The word “survey” is generally used to refer to a line drawing that illustrates the location of the boundaries of a piece of land, any structures or other “improvements” on the land (e.g., fences, roadways, or sidewalks), and any portions of the land where others may have rights to use the land for specific purposes (e.g., easements that have been granted to third parties for utility lines or roads). The term is also used to refer to the procedures of measurement and boundary location used in order to produce this drawing.

There are many types of surveys that serve many different purposes. At the web site of Flatirons Surveying, you’ll find some first rate information on the many types of surveys that exist and on the surveying practices that are used to produce them.

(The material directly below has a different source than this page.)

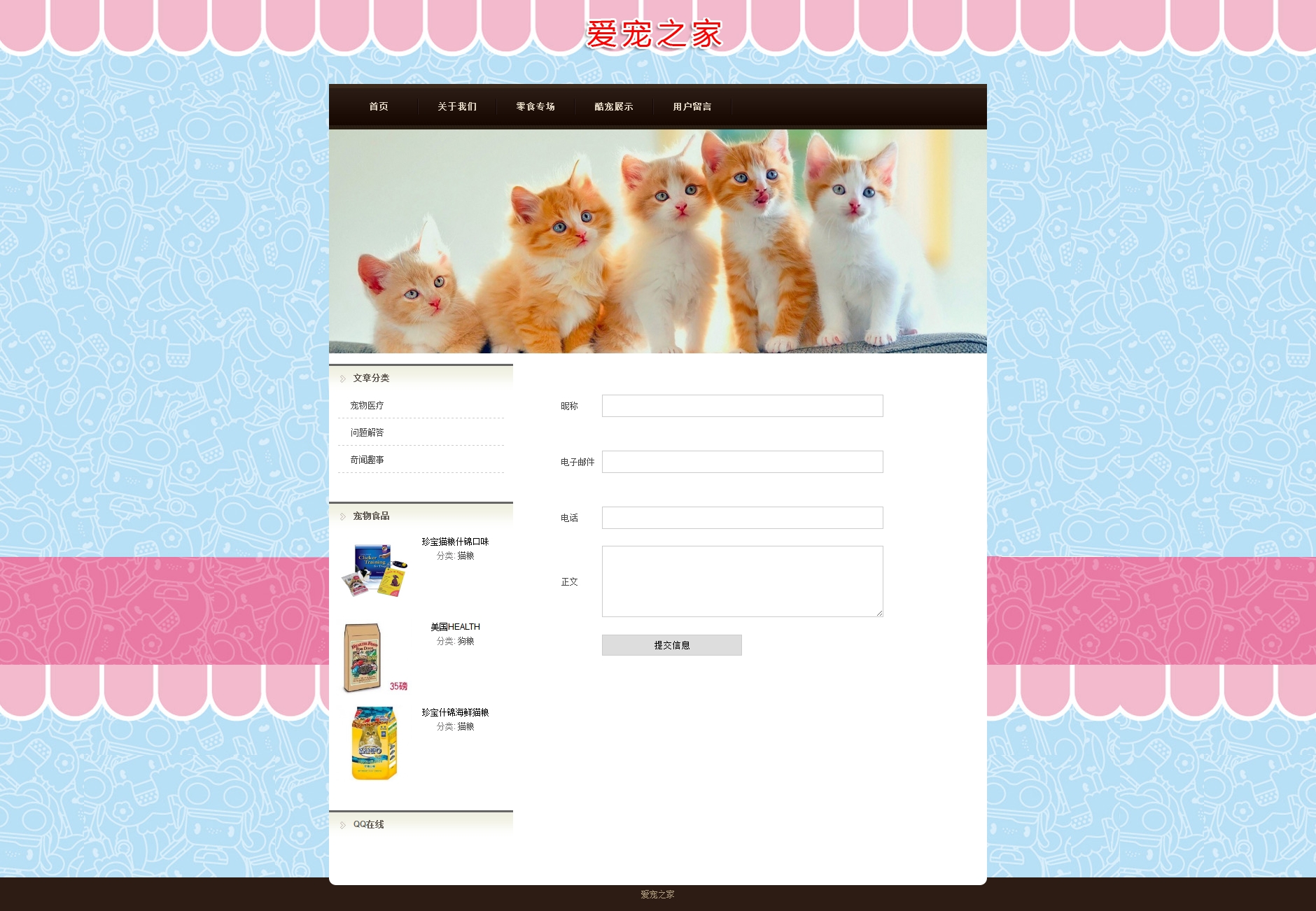 demo172蓝色版爱宠之家带留言板宠物(5页)(40元)

The Use of Surveys in Real Estate Practice

Through most of the 1990s, lenders and title companies in our area typically required that surveys be completed on every single-family home that was sold.
In residential subdivisions, they typically required a survey called an “improvement location certificate” or ILC. An ILC shows the boundary lines of the lot, the location of major improvements (especially structures such as the house, any decks, and the garage), as well as any easements. ILC’s were used to confirm that structures were within the boundary lines of the lot, that the structures on neighboring lots didn’t overlap the boundaries of the lot, and that the structures on the lot didn’t encroach on easements on the lot (e.g., that the deck wasn’t built over the area reserved for underground utility lines).

While these routine ILCs sometimes uncovered problems, most lenders and title companies in Colorado have quit requiring ILCs in connection with most residential purchases. Because there were powerful incentives to keep the costs of ILCs low, their accuracy and reliability were also low. An ILC would often indicate that there wasn’t a problem when there was, and they might indicate a problem that a more accurate and expensive survey would demonstrate did not in fact exist.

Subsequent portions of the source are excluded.